▸ DATA BLOCK
============
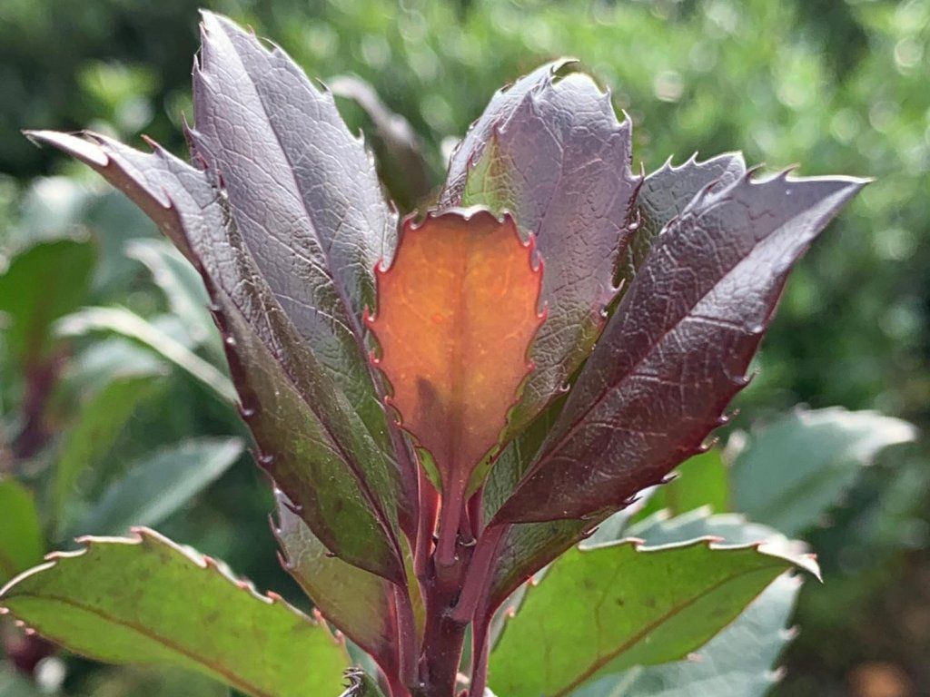 Meserve-Stechpalme 'Viking' - ein immergrüner Strauch, der eine Höhe und Breite von etwa 1 - 1,5 m erreicht. Die Pflanze ist männlich, bildet keine Beeren und dient als Bestäuber. Glänzende, dunkelgrüne Blätter sind weicher als üblich; sie sind also nicht so stachelig wie bei anderen Kultivaren. Im Herbst färben sich die am stärksten exponierten Blätter kupfer-weinrot. Der Habitus der Pflanze ist relativ dicht, sehr gut verzweigt. Die Pflanze eignet sich daher für die Kultivierung in Behältern, aber auch für die Pflanzung in niedrige Hecken.
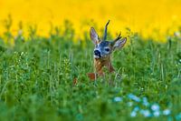 Oude reebok in een weiland met bloemen en kruiden op een zomerochtend
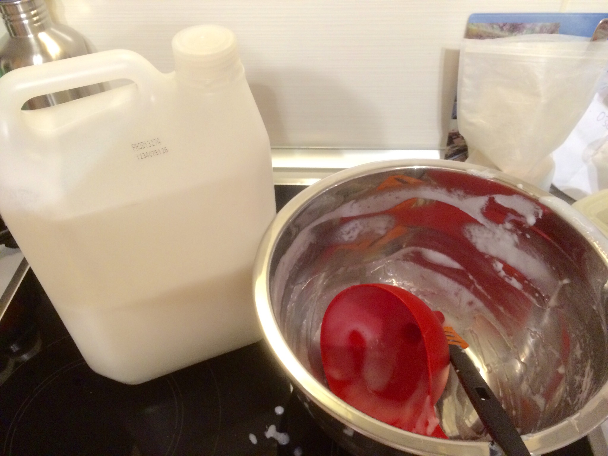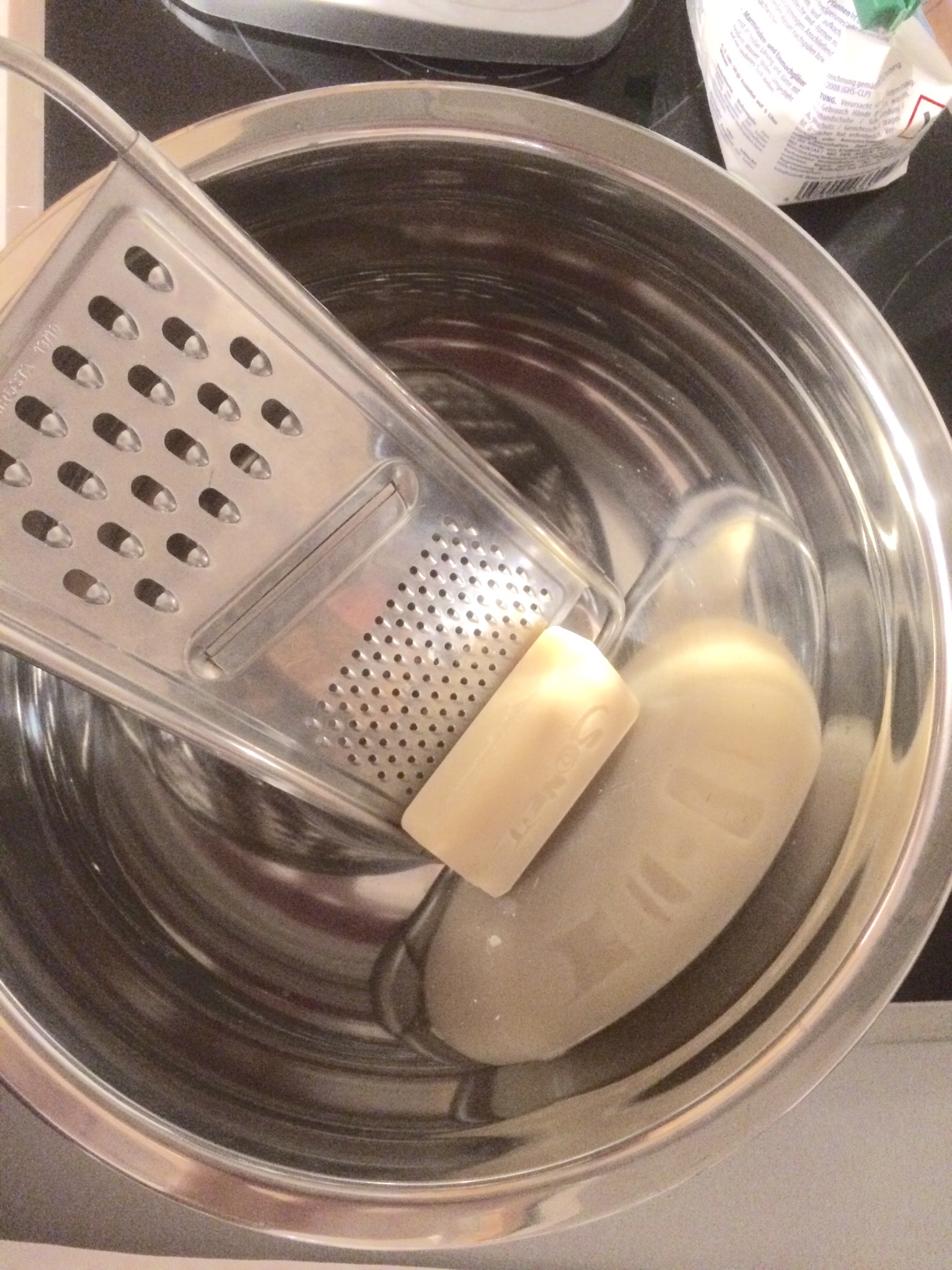 Das Waschmittel mache ich jetzt übrigens von dem ganzen Stück Seife und habe dann einen 5 Liter Kanister mit etwas mehr als 4 Liter Waschmittel voll. Das reicht dann eine Weile. Der Zeitaufwand für das Reiben und Mixen ist akzeptabel. Es dauert etwa 10 Minuten und dann muss man nach einer Stunde nochmal mit Wasser aufgießen. Zwischendurch ab und zu schütteln. Ich finde es unglaublich einfach und frage mich warum ich das nicht schon längst gemacht habe. Hier ein paar Bilder vom letzten Mal.
============
▸ YOUR ASSIGNMENT
Pictures stay out; print everything else in the data exactly.

▸ YOUR SOLUTION
 Meserve-Stechpalme 'Viking' - ein immergrüner Strauch, der eine Höhe und Breite von etwa 1 - 1,5 m erreicht. Die Pflanze ist männlich, bildet keine Beeren und dient als Bestäuber. Glänzende, dunkelgrüne Blätter sind weicher als üblich; sie sind also nicht so stachelig wie bei anderen Kultivaren. Im Herbst färben sich die am stärksten exponierten Blätter kupfer-weinrot. Der Habitus der Pflanze ist relativ dicht, sehr gut verzweigt. Die Pflanze eignet sich daher für die Kultivierung in Behältern, aber auch für die Pflanzung in niedrige Hecken.
 Oude reebok in een weiland met bloemen en kruiden op een zomerochtend
 Das Waschmittel mache ich jetzt übrigens von dem ganzen Stück Seife und habe dann einen 5 Liter Kanister mit etwas mehr als 4 Liter Waschmittel voll. Das reicht dann eine Weile. Der Zeitaufwand für das Reiben und Mixen ist akzeptabel. Es dauert etwa 10 Minuten und dann muss man nach einer Stunde nochmal mit Wasser aufgießen. Zwischendurch ab und zu schütteln. Ich finde es unglaublich einfach und frage mich warum ich das nicht schon längst gemacht habe. Hier ein paar Bilder vom letzten Mal.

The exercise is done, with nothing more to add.